Jan 6, 2010

New Brunswick Plans for a $10 Minimum Wage


On January 5, New Brunswick’s provincial government announced plans to increase their minimum wage from the current $8.25 per hour to $10 over the next two years. The move has gotten surprisingly little coverage in the mainstream media out West so far, but I urge you to check out this excellent article on the Times & Transcript website.

New Brunswick’s decision to increase their minimum wage is part of a larger poverty-reduction plan adopted last November. This move shows that New Brunswick is committed to ensuring a decent standard of living for all workers not just on paper but through action as well.

It’s worth noting that this time last year, New Brunswick’s minimum wage was $7.75, putting it in last place among all Canadian provinces. How much difference a year can make!

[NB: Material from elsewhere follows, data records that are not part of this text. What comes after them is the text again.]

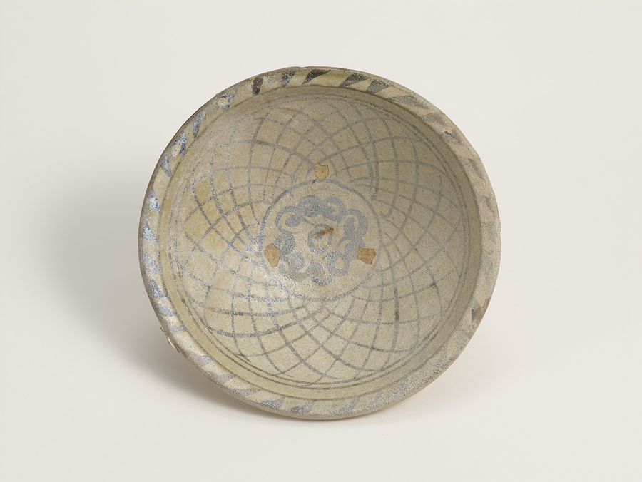 薄い茶褐色の胎土を用いた、高台から緩やかな曲線を描いて広がる、口縁部が少し厚手の鉢。高台内部まで全面的に白化粧土を掛けている。見込み中央に花文、内面に網目文、口縁部には線状文を灰色の絵具で描いている。内面にのみ透明釉が施されている。見込みには焼成時のトチン痕3箇所がある。内面と口縁部の一部に釉の剥がれが認められる。口縁の外面に一部釉薬が垂れている。高台の内部は緩やかな弧を描きながら窪んでいる。
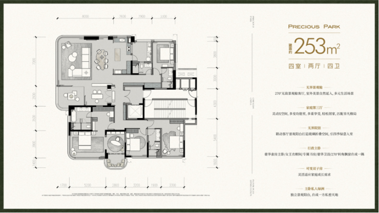 室内四花园设计:主城唯一“户内户外双花园”体验,如约183㎡户型配备约7米景观阳台。
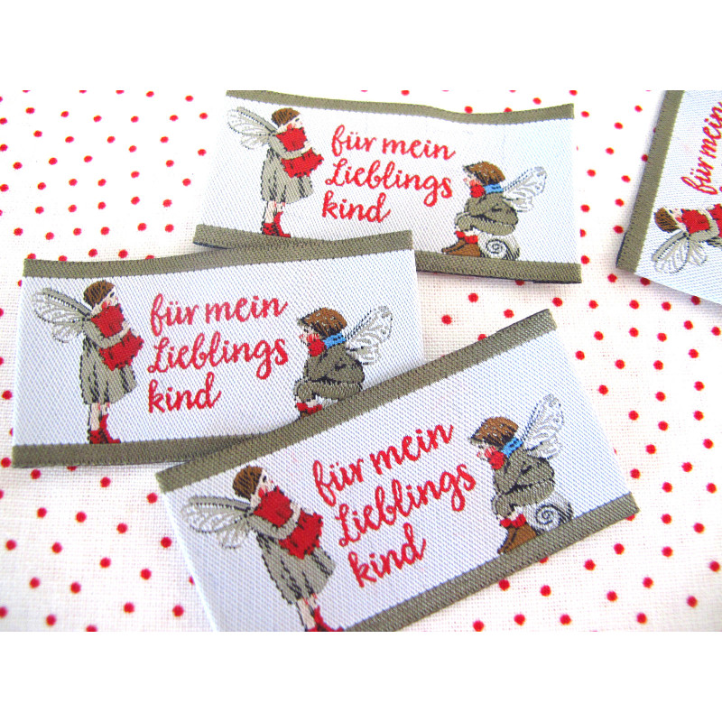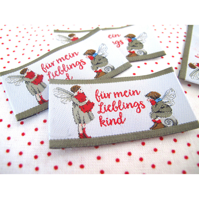 2 Elfen dazwischen der Text "für mein Lieblingskind" auf weißem Grund. Verleihen Sie Ihrer Eigenkreation eine persönliche Note mit diesen Web-Etiketten. Ein schönes Detail für Ihre Näh- oder Handarbeit über das sich das Lieblingskind bestimmt freuen wird.
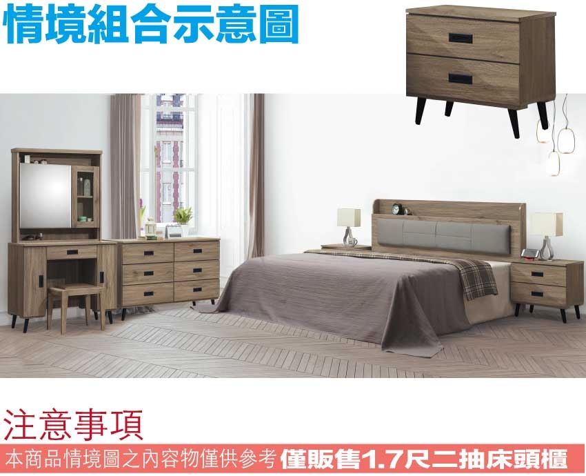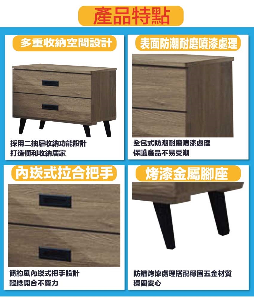 - ◆產品名稱:【綠家居】格斯1.7尺二抽鐵腳床頭櫃
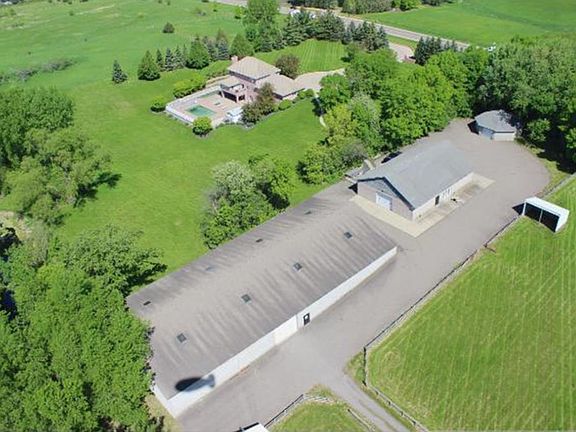 Wow, what a perfect sized hobby farm! Easy access to Hwy 12 and a quick jaunt to Lake Minnetonka. The all concrete and brick construction two-story home features a 4-season sun room, deck overlooking backyard, curved staircase, two fireplaces, lower level wet bar. Walk-out to a large patio and gardens at lower level. You will never run out of storage at this property. The 8.68 acres has beautiful tree coverage, rolling terrain, and a pond to enjoy the roaming wildlife. Outfitted with a 180'x72' indoor riding arena, 80'x50' heated horse barn w/ 6 stalls, wash bay, tack room, and office, as well as a heated octagon-shaped shop/garage for cars, boats, machinery and equipment. Extensive paved areas around outbuildings. Spectacular home and acreage for all of your hobbies and entertaining . . . and perfect for privacy, too!
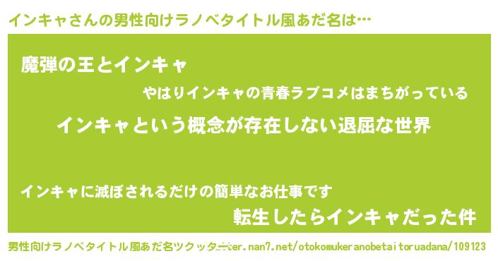 | 胡散臭い通販商品みたいなあだ名 | 『来世でも幸せになれる招き猫…その名も「インキャ」』 |
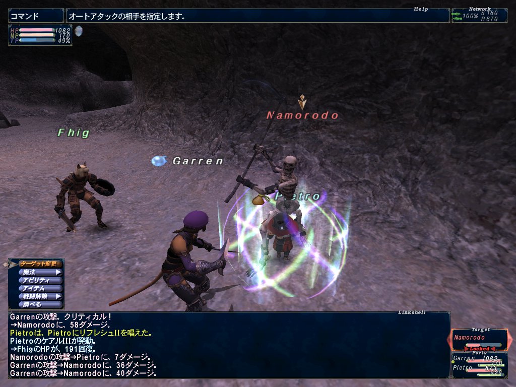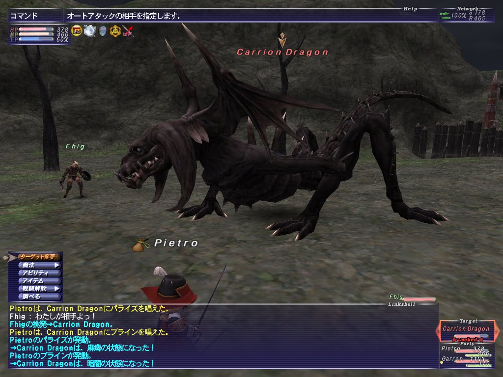 次はゲルスバ野陣営でドラゴンNM戦。某情報サイトによると40制限3人まで入れるBFらしい。これも踊り子ギャレンを連れて行く。でも何故かギャレンが入れない。うーむ、クエストクリアしてると入れんのかな。だがLv40赤魔道士ピエトロソロで余裕だった。

Closer to home,  our Premier’s latest excuse for inaction on minimum wages has been the poor economic conditions (most recently used in a mid-December interview on the Bill Good show, see here). That is despite the fact that we’re among the provinces least harmed by the recession and that other, worse affected provinces are managing just fine with higher minimum wages. Now that I think of it, the boom wasn’t the right time to increase minimum wages either, according to our government. Hmm.

As a result, minimum wages remain frozen at $8 per hour, well below where they need to be to ensure that full-time, full-year work is a ticket out of poverty.

Kudos to New Brunswick’s government for showing us that it is possible to maintain one’s social conscience during a recession, and confirming that public policy is, essentially, a matter of choice and not something dictated by “the economy.”